Our research is based on MICE model. This repository contains code for the paper , Explaining NLP Models via Minimal Contrastive Editing (MiCE) and SOCMasker [] integrated together.
## Installation
1. Clone the repository.
```bash
git clone https://github.com/Ali1858/mice.git
cd mice
```
2. [Download and install Conda](https://conda.io/projects/conda/en/latest/user-guide/install/index.html).

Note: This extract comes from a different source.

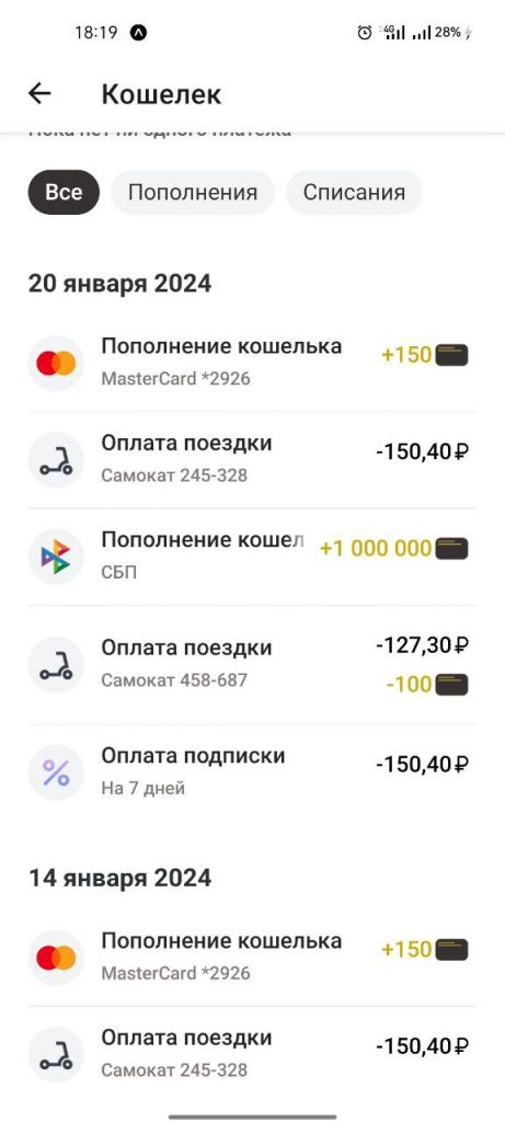 Примечание! Если на кошельке есть деньги, то они сначала списываются с него, если в результате поездки денег на кошельке не хватило, то оставшаяся часть списывается со способа оплаты(карты). Если на кошельке нет денег, то они сразу списываются со способа оплаты.

3. Create a Conda environment.
```bash
conda create -n mice python=3.7
```
4. Activate the environment.
```bash
conda activate mice
```
5. Download the requirements.
```bash
pip3 install -r requirements.txt
```
Note: Our research project doesn't support RACE dataset. We only support IMDB, FakeTweep, Newsgroups Dataset.
-
Download Task Data: Download the FakeTweep dataset here:Link. All other task-specific datasets are automatically downloaded by the commands below.
-
Download Pretrained Models: You can download pretrained models by running:
bash download_models.sh
For each task (IMDB/Newsgroups/Faketweep), this script saves the:
- Predictor model to:
trained_predictors/{TASK}/model/model.tar.gz. - Editor checkpoint to:
results/{TASK}/editors/mice/{TASK}_editor.pth.
- Predictor model to:
-
Generate Edits: Run the following command to generate edits for a particular task with our pretrained editor. It will write edits to
results/{TASK}/edits/{STAGE2EXP}/edits.csv.python run_stage_two.py -task {TASK} -stage2_exp {STAGE2EXP} -editor_path results/{TASK}/editors/mice/{TASK}_editor.pth -mask_type socmaskFor instance, to generate edits for the IMDB task, the following command will save edits to
results/imdb/edits/mice_binary/edits.csv:python run_stage_two.py -task imdb -stage2_exp mice_binary -editor_path results/imdb/editors/mice/imdb_editor.pth -mask_type socmask
-
Inspect Edits: Inspect these edits with the demo notebook
notebooks/analyzesoc.ipynb.
The following command will train an editor (i.e. run Stage 1 of MiCE) for a particular task. It saves checkpoints to results/{TASK}/editors/{STAGE1EXP}/checkpoints/.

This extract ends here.